Отпустил ухо, за плечи схватил. Прижимаюсь к нему, левой рукой нежно вынимаю ножик и ласково, но сильно, бью его в почку. Довернув, вытаскиваю с оттяжечкой и втыкаю лезвие капралу под ребро, рассудив, что в его-то печень трудно не попасть. Что ему сказать напоследок? «Асталависта, бэби?» Блин, он же не понимает по-русски… да ладно, в аду переведут!
— Что-то не так, красавчик? Разве тебе не нравятся такие игры? — задушевно говорю ему, вытирая лезвие об рукав его мундира, — но ты перевозбудился, милок, остынь.
Подправим его падение, немножко поможем.

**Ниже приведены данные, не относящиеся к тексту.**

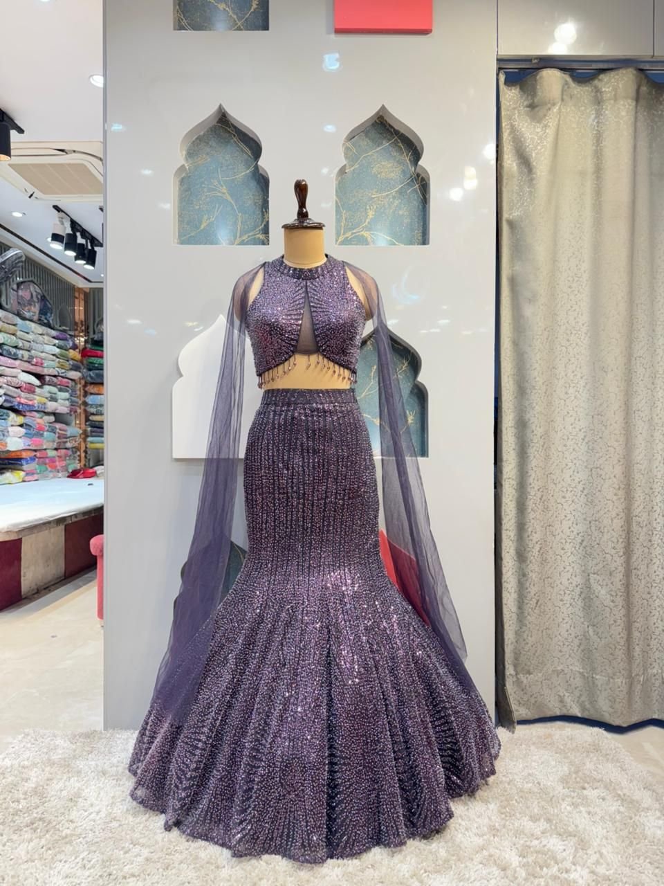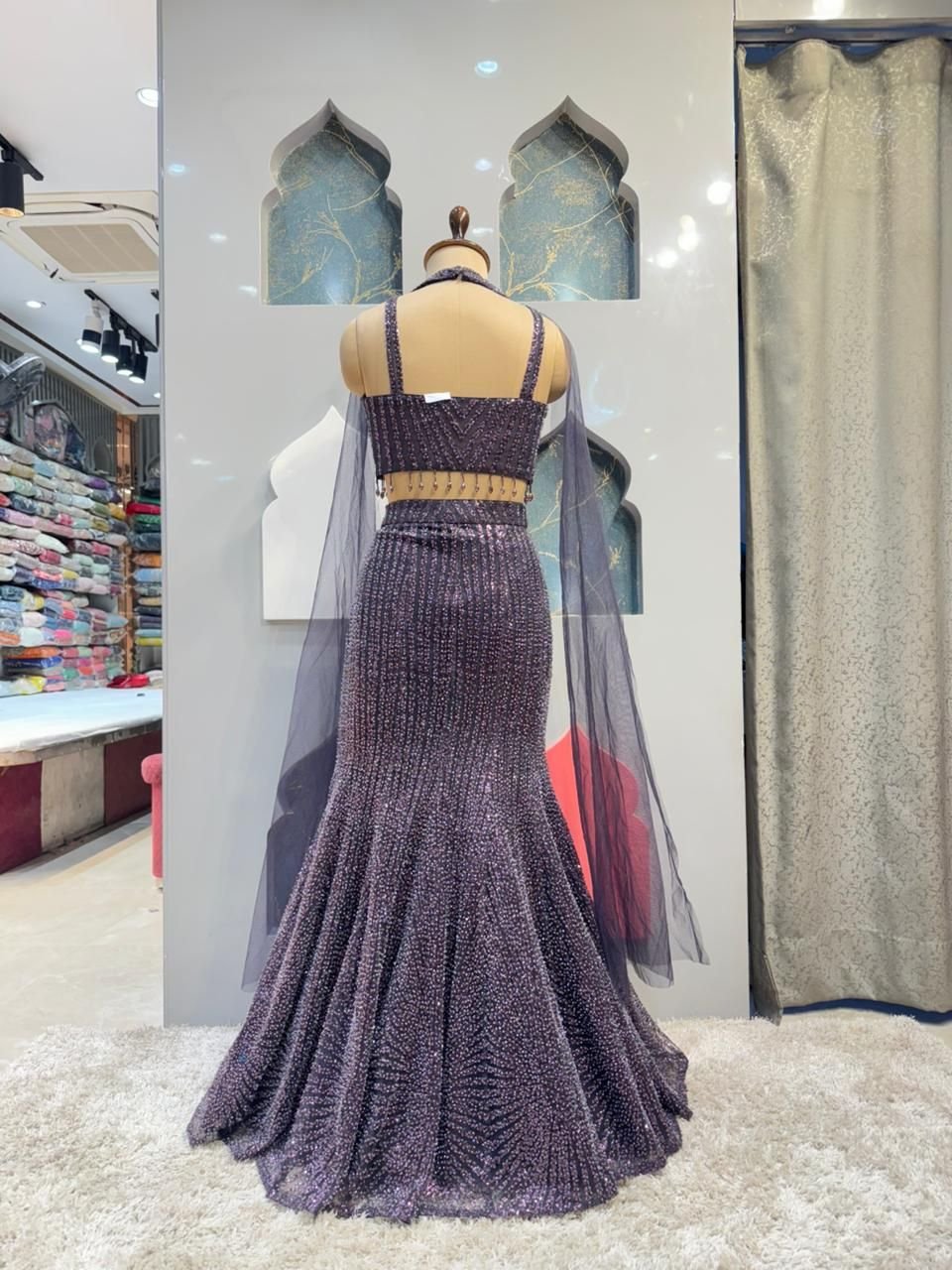 The mermaid-style skirt is tailored to perfection, hugging the body through the waist and hips before flaring out into a dramatic fishtail hem. Fully embellished with fine sequins, it catches the light effortlessly, creating a fluid, glistening effect with every step. The structured flare adds volume and elegance, giving the ensemble a red-carpet-worthy finish.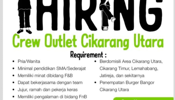 Apakah Anda sedang mencari peluang karir di industri kuliner yang sedang berkembang pesat? Burger Bangor (BGI) kembali membuka kesempatan bagi talenta muda yang dinamis untuk bergabung sebagai Crew Outlet di wilayah Cikarang. Ini adalah kesempatan emas bagi Anda yang ingin mengawali karir di bidang Food & Beverage (F&B) bersama salah satu jaringan burger lokal paling populer di Indonesia.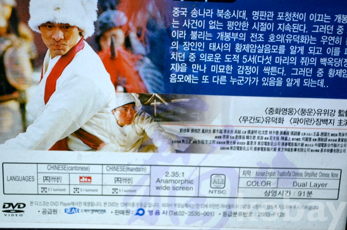 DVD는 정품인데 수출용(?)인지 일반 DVD 케이스보다는 약간 얇은 케이스에 담겨 있음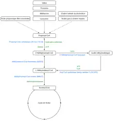 Un déficit en adénosylcobalamine induit de ce fait une accumulation d'acide méthylmalonique (précurseur du méthymalonyl-CoA)[14],[33].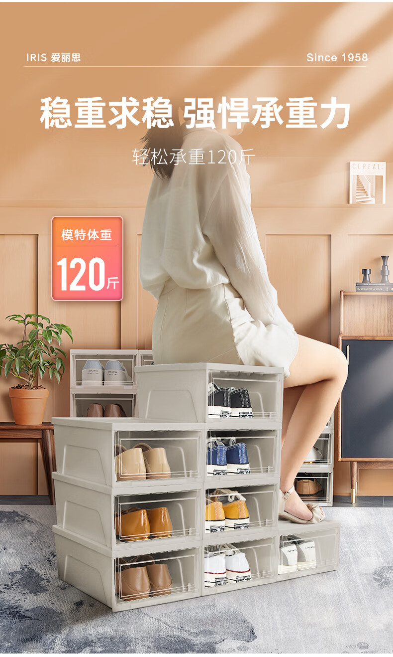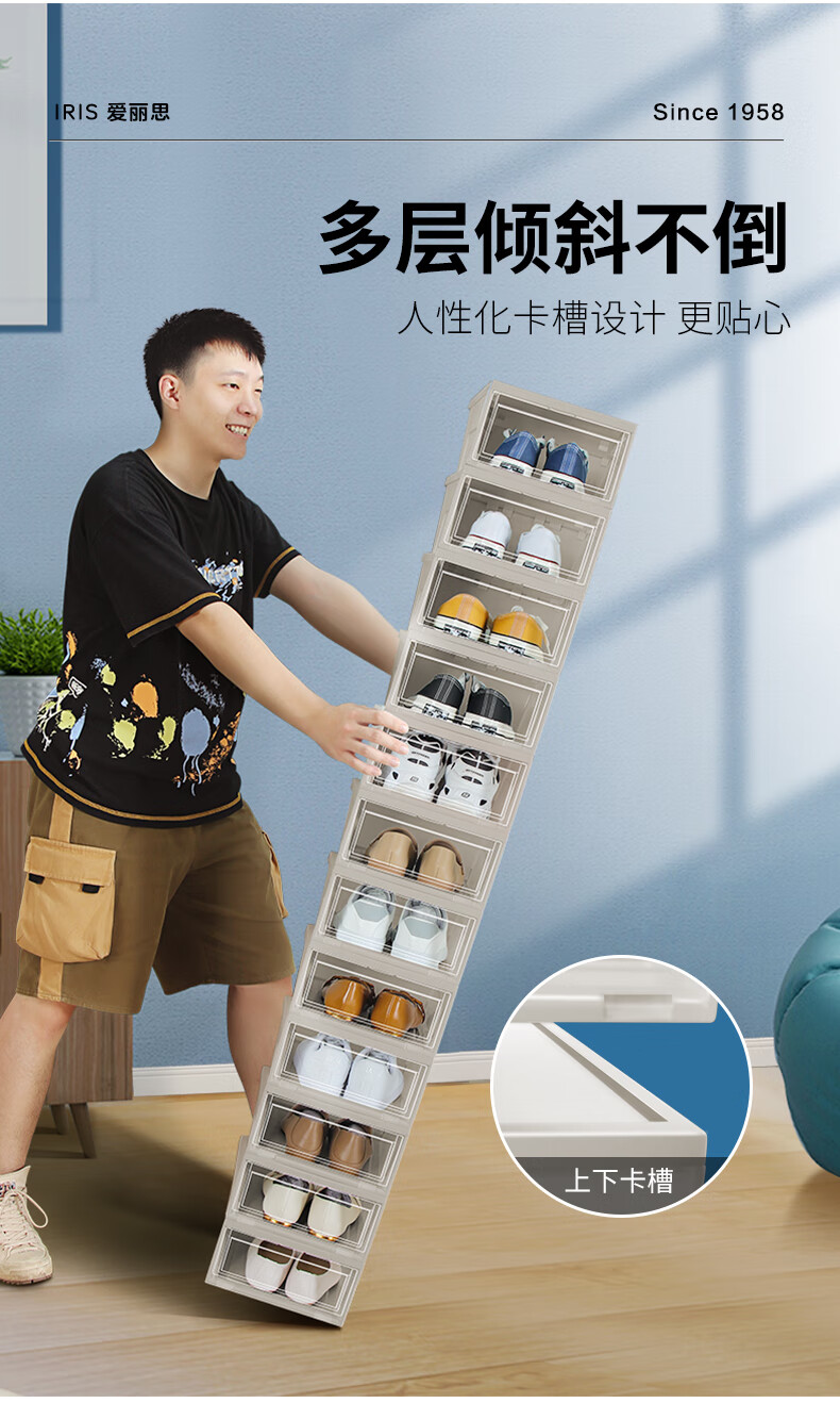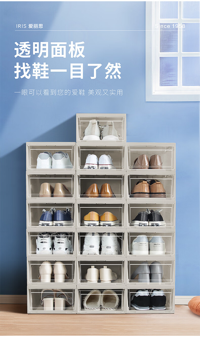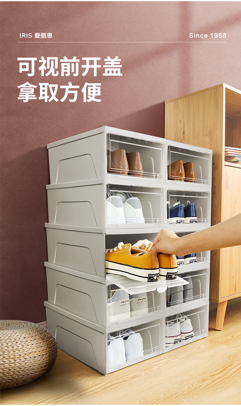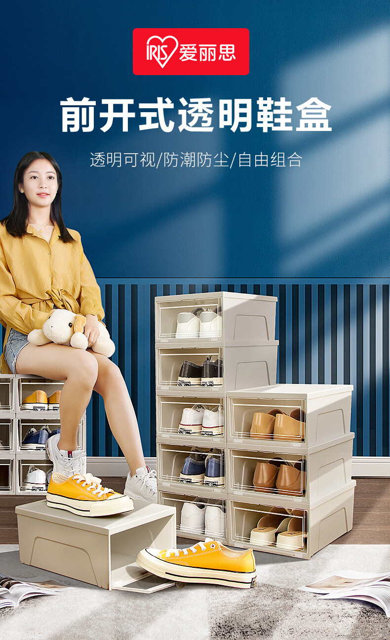 爱丽思(IRIS)鞋盒透明鞋柜防尘防潮鞋架前开式鞋子收纳盒收纳柜 4个装

Вот он и за фальшбортом. Плюх! Теперь оглянемся вокруг. Никого, все старательно смотрят «в другую сторону». Ага, стал бы он при свидетелях. Нож пока за спину и под рубаху.
— Зак, да очнись ты, Зак.
— А?
— Как по-вашему «человек за бортом»?
— Мэн ове бот.
Ору, что есть мочи, переходя в ультразвук.
— Ну, всё, пипец! — делает Зак промежуточные выводы.
— Ты не отключайся больше, будешь мне переводить.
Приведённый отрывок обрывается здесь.